Data entries
* * * *

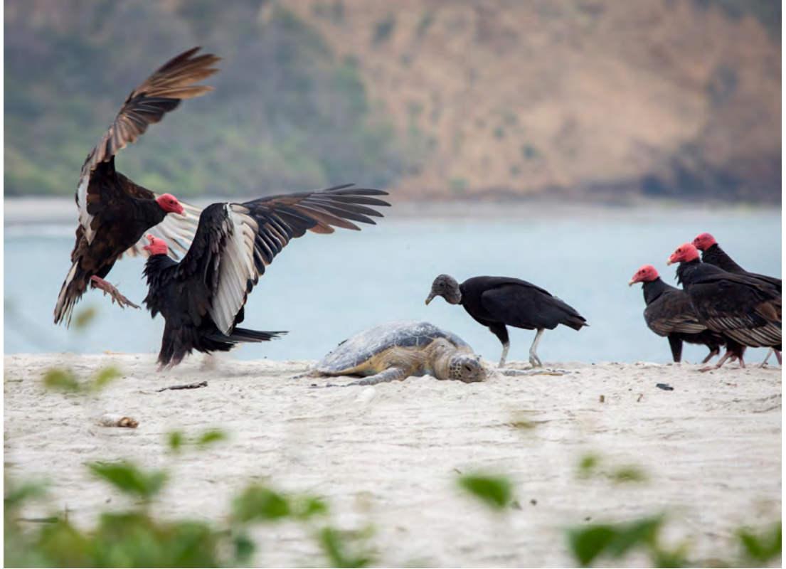
El cadáver de una tortuga marina sirve de festín a zopilotes negros y cabecirrojos en la turística playa de los Frailes, situada en el Parque Nacional Machalilla, de Manabí.
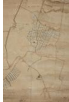
Figuratieve kaart Vrasene, 1767 (SASN20120510_009)
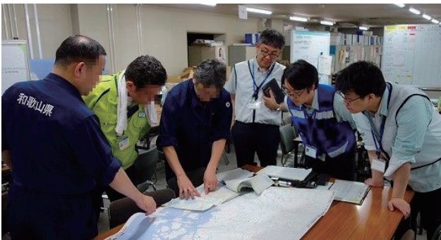
写真 2 広島県庁での災害対応 Photo 2 Disaster response at Hiroshima Pref Gov.

支援要員の業務は、被害報のような紙資料のデータ化や、個々の市町村の Web サイトで公開される給水所等の情報を毎日クローリングする作業と、現地の災害対策本部においては、地図作成申込みの記録などの事務作業であった。
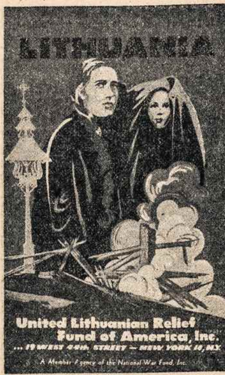
United Lithuanian Relief Fund of America, Inc. 19 WEST 58th STREET - NEW YORK 19, N.Y.

Tačiau tos istorinės klaidos nenori pakartoti dabartinė lietuvių tauta. Su koku užsidegimu šoko mokytis jaunoji lietuvių karta, atsikovojo Lietuvai laisvę! Greitai studentų skaičius, poporcingai imant pagal krašto gyvenotojų skaičių, buvo didesnis,
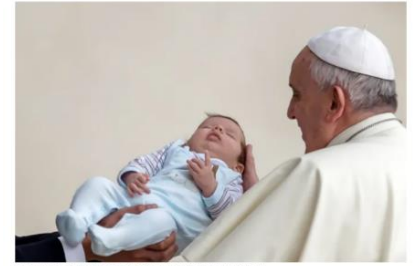
Pope Francis, pictured on Oct. 15, 2014

« Il n'y a pas de paix sans la culture du soin. La culture du soin, cet engagement commun, solidaire et participatif pour protéger et promouvoir la dignité et le bien de tous, cette disposition à s'intéresser, à prêter attention, à la compassion, à la réconciliation et à la guérison, au respect mutuel et à l'accueil réciproque, constitue une voie privilégiée pour la construction de la paix. En bien des endroits dans le monde, des parcours de paix qui conduisent à la cicatrisation des blessures sont nécessaires. Il faut des artisans de paix disposés à élaborer, avec intelligence et audace, des processus pour guérir et pour se retrouver ».
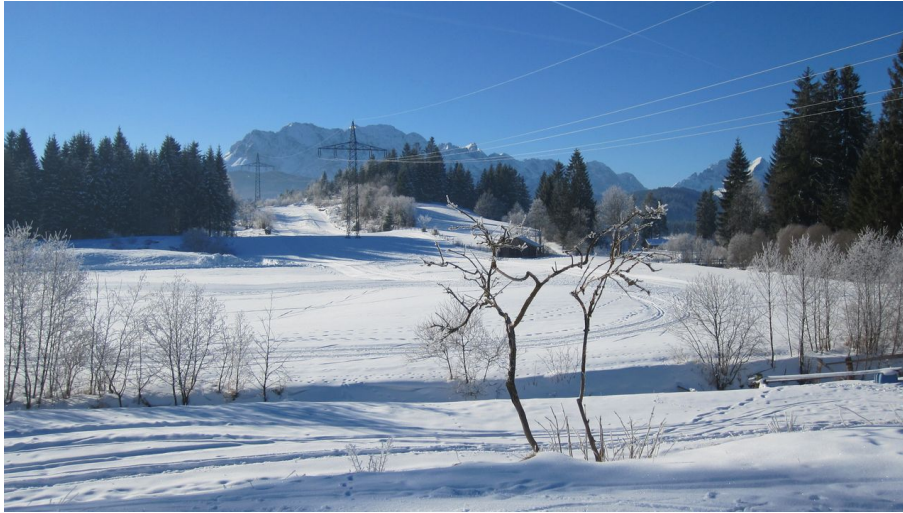
Loipe Krün
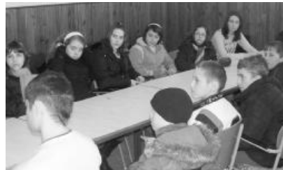
Jutalomkirándulásban részesülnek a bibliavasárnapi vetélkedő győztesei

BIBLIAVASÁRNAPI VETÉLKEDŐ ÉRMIHÁLYFALVÁN. Március 1-jén délután bibliavasárnapi összejövetelt tartottak gyerekek és ifjak részére a református gyülekezeti teremben.
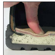
HAIX® MSL System
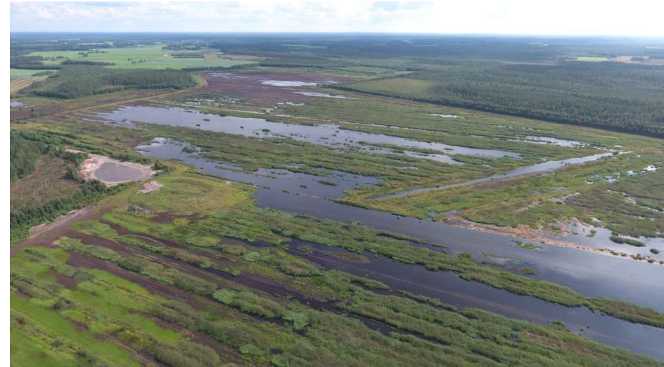
Kuva. Hangasnevan kosteikkoa 4.8.2017. Kuvassa vasemmalla näkyy puupolttoaineiden varastointialue.
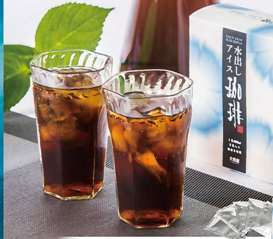
水出しアイス珈琲 1箱 700円+税 (13g×5袋/1袋 300ml用)

お家で簡単に作れる 水出しタイプのアイス珈琲。 水出しならではの まろやかさが特徴です。
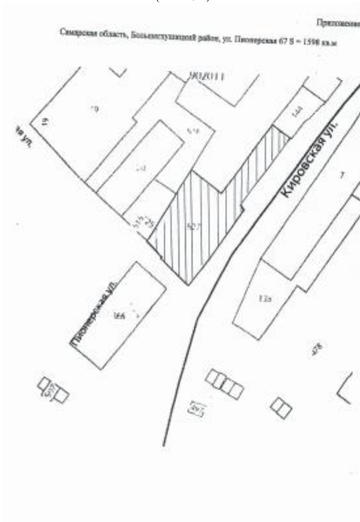
Схема расположения земельного участка на кадастровом плане территории ( Ж1 – О1 )
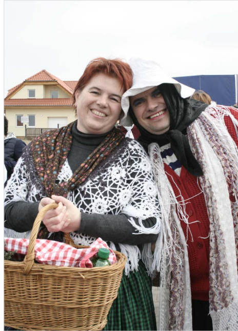
▲ Babka kořenářka měla v košíčku víc jak půl kopy koblížků

Za Obelixem v teréňáku jediné do Holubic! ▶
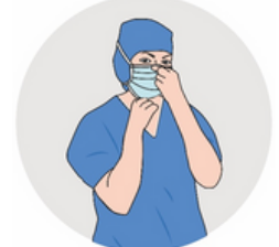
Étendre le masque au-dessus du nez et en-dessous du menton. Pincez la barrette au niveau du nez pour assurer l'ajustement du masque
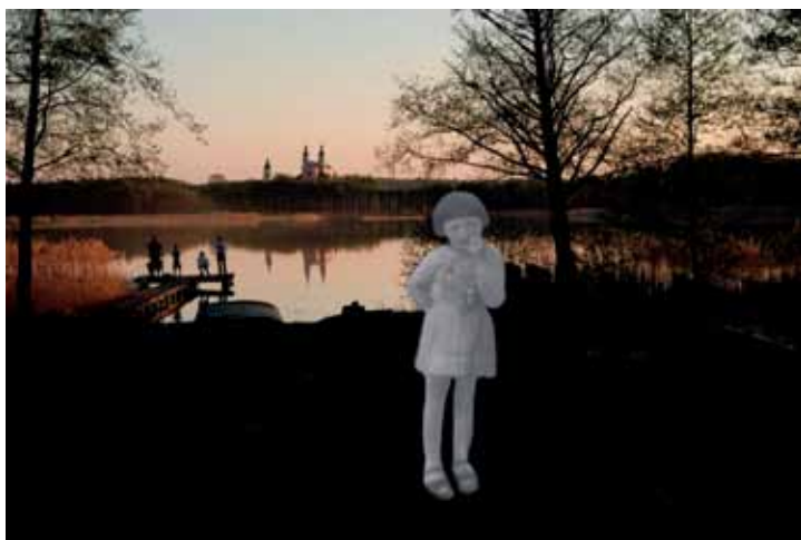
Blumka na Wigrach
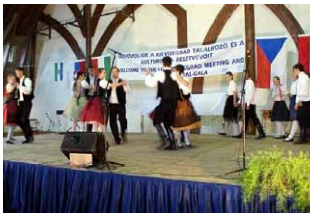
A Mórince táncsoport Nagykérről zoboraljai lakodalmast ad elő
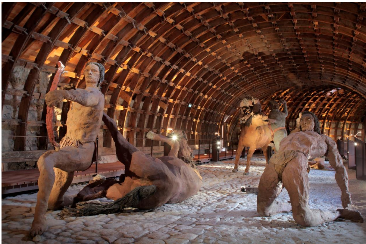
La riposte de Chief Gall et un Indien blessé ; à l'arrière-plan, Crazy Horse assailli © Olivier Guéneau - Centre des monuments nationaux

Au village fortifié de Mont-Dauphin, l'exposition sculpturale « Little Bighorn, par Ousmane Sow » est gratuite tous les premiers dimanches du mois de novembre à mars !
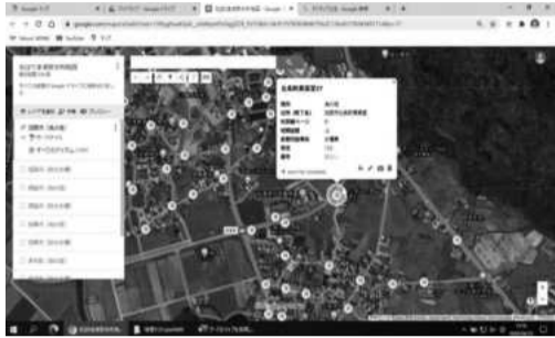
スマホから瞬時に水利情報を把握できます。

火災時にいち早く水利を確保することは、消防団員の重要な任務になります。全団員に水利地図を配布することは困難で、水利の新設置・廃止の際は、地図更新の課題もあり、水利の把握については、日頃の水利点検等個人個人の努力に頼らざるを得ない状況でした。そんな問題を解決したのが、スマホアプリの Google マップで作成した加西市水利マップです。当アプリの機能を活用し、加西市内の消火栓・防火水槽約二、二〇〇箇所のデータをオンライン上に
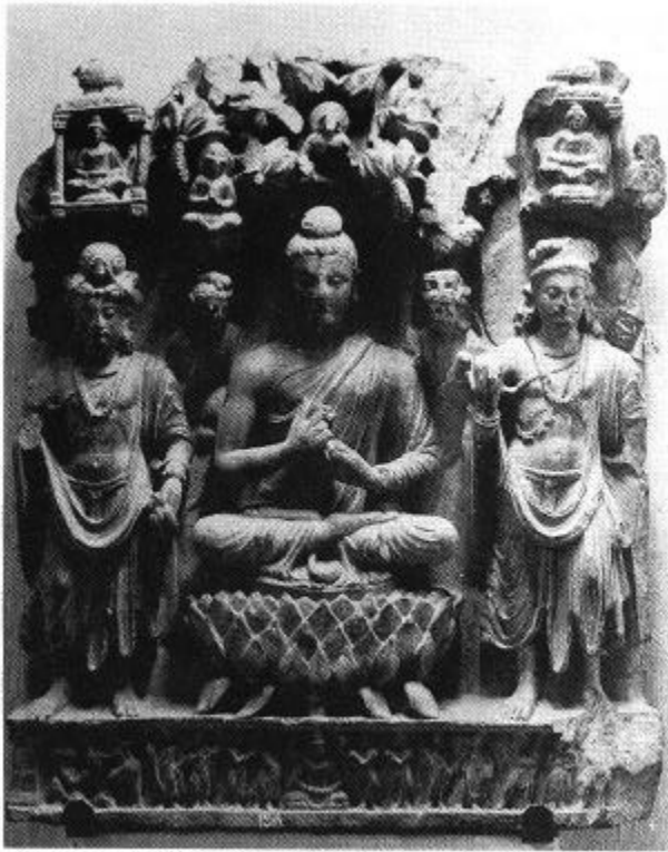
도 3. 불삼존상, Sahri-Bahlol 마운드 A 출토, 3세기, 높이 59cm, 페사와르 박물관 소장, (출처: 栗田功, 《ガンダ-ラ美術》1 (1989): 도 403).
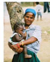
34. Femme et enfant au sein (Haïti)
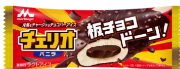
チェリオ バニラ(1本入り) 希望小売価格:140円(税別) 内容量:85ml
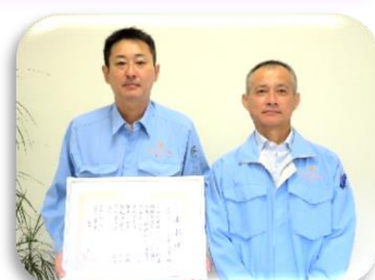
安井プラスチック 株式会社
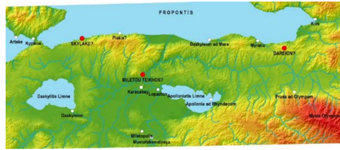
Harita 1: Bölge Kentleri ve Metinde Anılan Lokasyonlar

Propontis çevresindeki Hellen kentlerinin pek çoğunun koloni kökenli olmaları sebebiyle çok kültürlü yapıları ve yaşanan tüm bu siyasi gelişmeler ile Kıta Yunanistan kentlerinden bilinen, model Hellen organizasyonlarının tam manada uygulanmış olamayacağı öngörülebilir. Ayrıca bölgedeki gerek çok kültürlülük gerekse siyasi gelişmeler Hellenler'i ve yapılarını etkilemiş olabileceği gibi tam ters yönde Hellenler dışında kalan Persler ve özellikle kolonizasyon öncesindeki yerli halkı daha da etkilemiştir. Bu bağlamda tüm bu dinamikler, her yerleşme için tamamen özgün bir model oraya çıkarmaktadır. Teorik olarak ortaya konan bu özgün yapı sebebiyle antik kaynaklarda ismi polis olarak geçen bu yerleşmeler, makale içinde kent olarak anılacaktır (Harita 1).
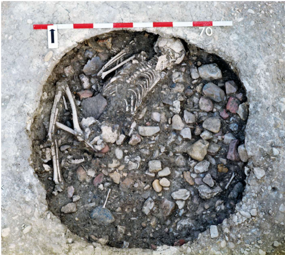
Le site des moulins (Saint-Paul-Trois-Châteaux, Drôme) a été fouillé en 1985 puis en 2001 avant la construction d'une grande surface. Parmi les 62 structures datées entre -4000 et -3600 ans, 13 contenaient des ossements humains. L'adolescente de la deuxième sépulture était entourée de restes de chien découpé, de faune, de céramique et d'outils.

Autant de découvertes qui révèlent la complexité des gestes, des croyances et des rituels mis en œuvre par les sociétés préhistoriques pour accompagner leurs défunts. L'archéologie préventive est aujourd'hui le moteur essentiel de ces découvertes. Elle révèle que les sociétés préhistoriques n'étaient pas seulement préoccupées par la survie, mais possédaient un univers symbolique complexe, où le traitement du mort reflétait fidèlement l'organisation et les tensions du monde des vivants. Ces enquêtes démontrent que, bien que les croyances précises nous échappent, les sociétés préhistoriques possédaient un univers symbolique complexe destiné à intégrer la mort dans l'ordre social.

* * * *

__What the exercise asks__. Copy only what lies between the line with "Étendre le masque" and the line with "安井プラスチック 株式会社", those two lines included, exactly as given above; pictures stay out.

__Output of the exercise__.
Étendre le masque au-dessus du nez et en-dessous du menton. Pincez la barrette au niveau du nez pour assurer l'ajustement du masque
Blumka na Wigrach
A Mórince táncsoport Nagykérről zoboraljai lakodalmast ad elő
La riposte de Chief Gall et un Indien blessé ; à l'arrière-plan, Crazy Horse assailli © Olivier Guéneau - Centre des monuments nationaux

Au village fortifié de Mont-Dauphin, l'exposition sculpturale « Little Bighorn, par Ousmane Sow » est gratuite tous les premiers dimanches du mois de novembre à mars !
スマホから瞬時に水利情報を把握できます。

火災時にいち早く水利を確保することは、消防団員の重要な任務になります。全団員に水利地図を配布することは困難で、水利の新設置・廃止の際は、地図更新の課題もあり、水利の把握については、日頃の水利点検等個人個人の努力に頼らざるを得ない状況でした。そんな問題を解決したのが、スマホアプリの Google マップで作成した加西市水利マップです。当アプリの機能を活用し、加西市内の消火栓・防火水槽約二、二〇〇箇所のデータをオンライン上に
도 3. 불삼존상, Sahri-Bahlol 마운드 A 출토, 3세기, 높이 59cm, 페사와르 박물관 소장, (출처: 栗田功, 《ガンダ-ラ美術》1 (1989): 도 403).
34. Femme et enfant au sein (Haïti)
チェリオ バニラ(1本入り) 希望小売価格:140円(税別) 内容量:85ml
安井プラスチック 株式会社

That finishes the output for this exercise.